> [What you will do]
All lines from the one containing "Iğdır'da belediye ekipleri, kent" through the end of the data below are to be repeated exactly, with pictures left out.
+++ The data +++
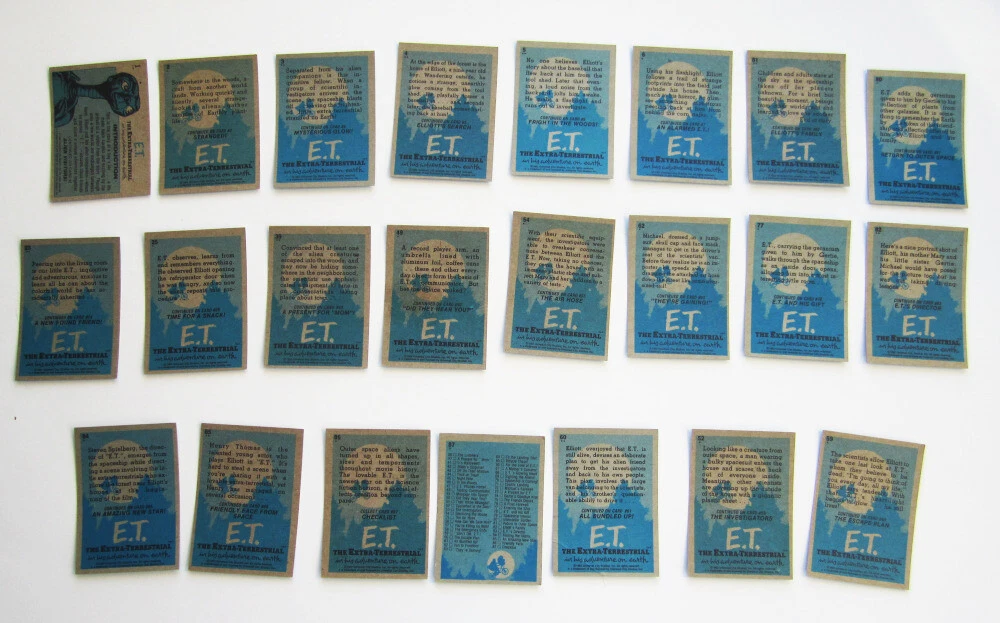 Lot of 23 original 1982 "ET The Extraterrestrial" movie bubblegum trading cards in varying condition, mostly excellent. These measure 3.5" x 2.5", regular-sized trading cards, genuine vintage. CONDITION: Actual items are shown. All are used but mostly in great shape, a few may have minor dings or minor creasing. Sold as is. PACKAGING: This set will ship carefully packed inside a small box. Feel free to ask questions if you have them - we offer discounts on multiple purchases! GRADING: We grade our trading cards and collectible sticker cards according to the eBay Sports Card Buying Guide, which can be found by clicking/tapping here . RETURNS: Accepted if item is still in the condition we sent it in. We do not accept items that have been used and/or altered by the buyer. CLICK OR TAP HERE TO SEE ALL THE VINTAGE AND NEW TRADING CARDS AND COLLECTIBLE STICKERS IN OUR EBAY STORE! LOTS of vintage sports cards (1950s-1980s), 1980s Garbage Pail Kids, vintage Pokemon and more! CLICK OR TAP HERE to visit our eBay Store and save on shipping with ONE INTERNET STOP! With over 1500 different items to choose from, we have something for every kid on your list (even the big ones)! Buy with confidence from us -- we have over 20 years experience selling on eBay and other venues!
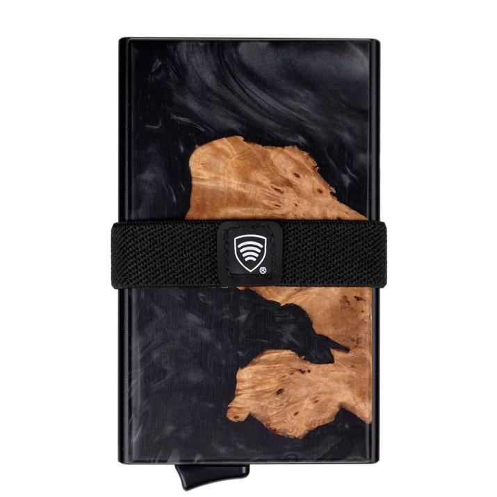 Brieftasche aus Aluminium mit Kartenschlitten und Kartenschutz (Holz + schwarzes Harz)
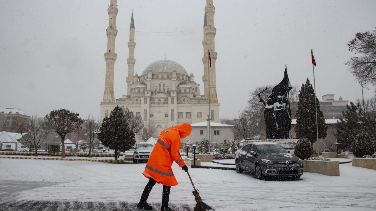 Iğdır'da belediye ekipleri, kent merkezinde kar küreme çalışması başlattı, esnaf ise iş yerlerinin önünü temizledi.
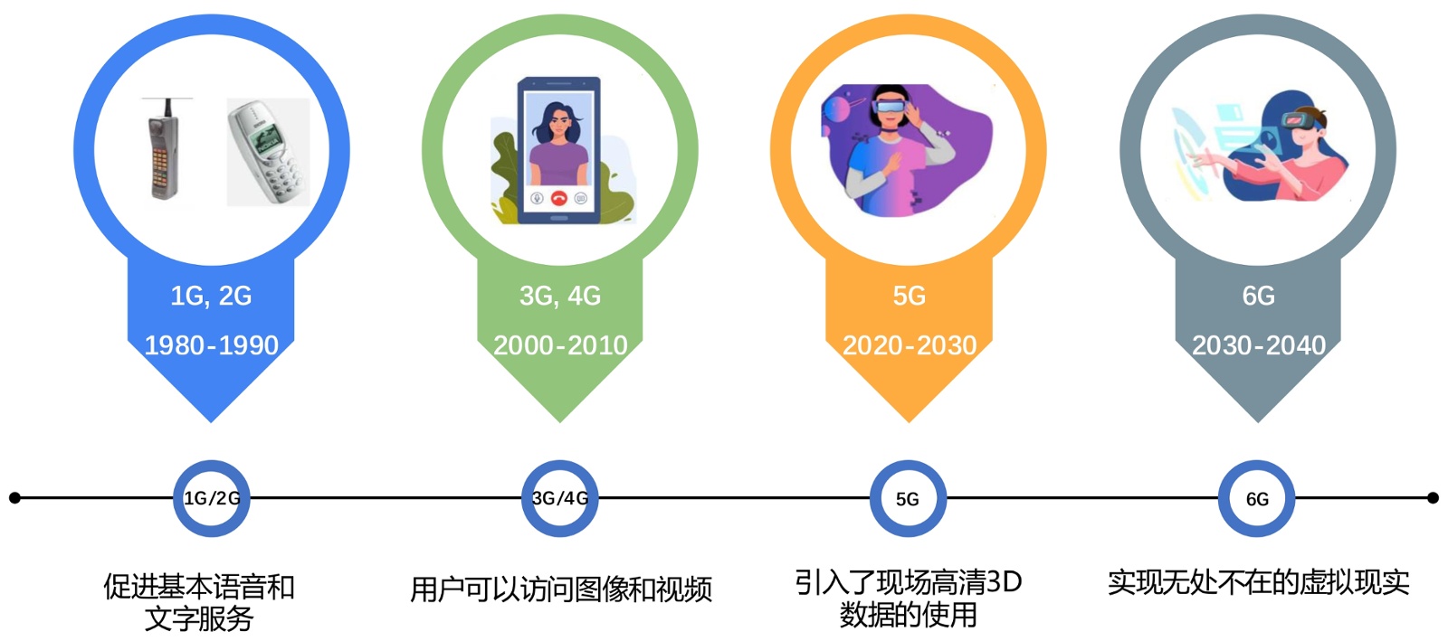 圖2. 從語(yǔ)音到虛擬現(xiàn)實(shí):1G至6G的移動(dòng)通信革命
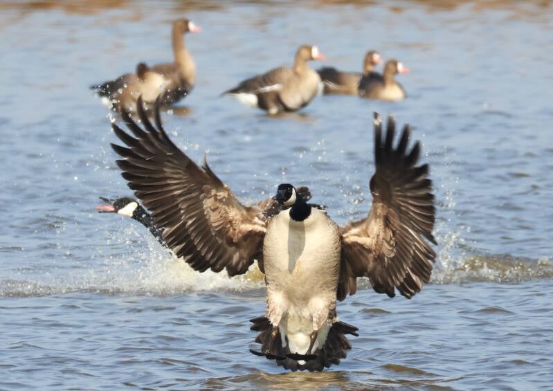Diese Blässgans gibt alles, um noch schnell weg zu kommen. Zwei Supergreifer sind im Anmarsch. Beide sind noch sehr jung, aber brandgefährlich. Morgen Teil 2.
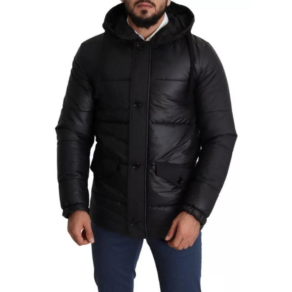 Dolce & Gabbana Black Hooded Polyester Men Coat Puffer Jacket
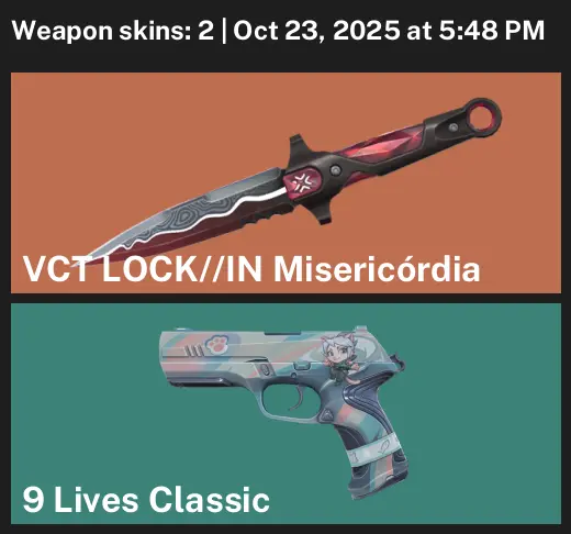 💽 LA 👢 Unranked 🍢 2 Skins 🍌 105 VP 🤏 11 Agents 🏒 Value: 5440 VP 👐 VCT LOCK//IN Misericórdia 🦠 9 Lives Classic
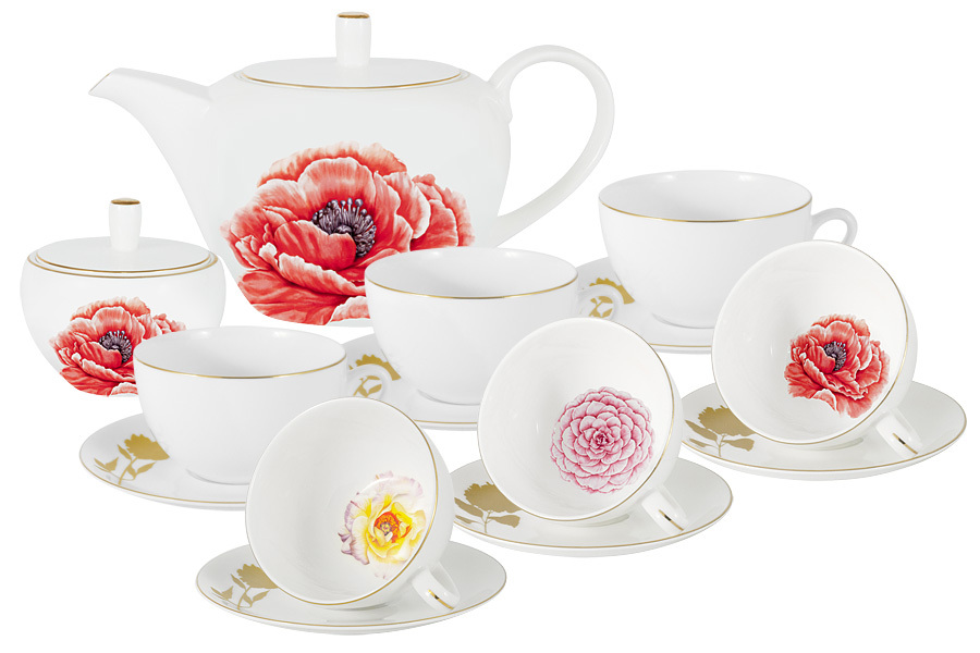Чашки декорированы изображением мака, миддлемиста и камелии, чайник и сахарница – маком.
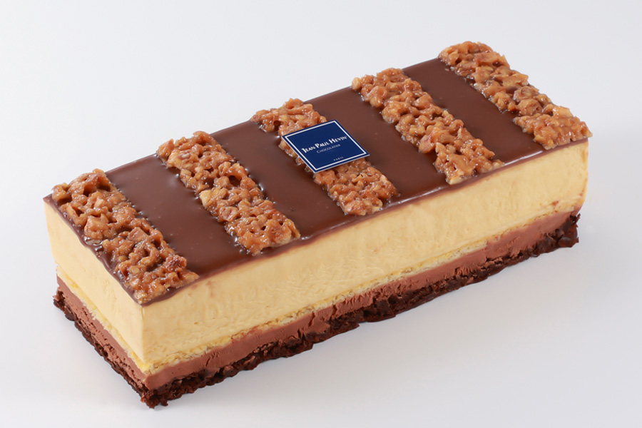 「ショコラとキャラメルの口当たり滑らかなムースとショコラのビスキュイ。 爽やかなオレンジのジュレとヘーゼルナッツのヌガティーヌがアクセントになっています。ほろ苦いキャラメルの余韻を愉しめる大人の味わい。※冷凍配送でお届けします
+++
> [Solved exercise]
 Iğdır'da belediye ekipleri, kent merkezinde kar küreme çalışması başlattı, esnaf ise iş yerlerinin önünü temizledi.
 圖2. 從語(yǔ)音到虛擬現(xiàn)實(shí):1G至6G的移動(dòng)通信革命
Diese Blässgans gibt alles, um noch schnell weg zu kommen. Zwei Supergreifer sind im Anmarsch. Beide sind noch sehr jung, aber brandgefährlich. Morgen Teil 2.
 Dolce & Gabbana Black Hooded Polyester Men Coat Puffer Jacket
 💽 LA 👢 Unranked 🍢 2 Skins 🍌 105 VP 🤏 11 Agents 🏒 Value: 5440 VP 👐 VCT LOCK//IN Misericórdia 🦠 9 Lives Classic
Чашки декорированы изображением мака, миддлемиста и камелии, чайник и сахарница – маком.
 「ショコラとキャラメルの口当たり滑らかなムースとショコラのビスキュイ。 爽やかなオレンジのジュレとヘーゼルナッツのヌガティーヌがアクセントになっています。ほろ苦いキャラメルの余韻を愉しめる大人の味わい。※冷凍配送でお届けします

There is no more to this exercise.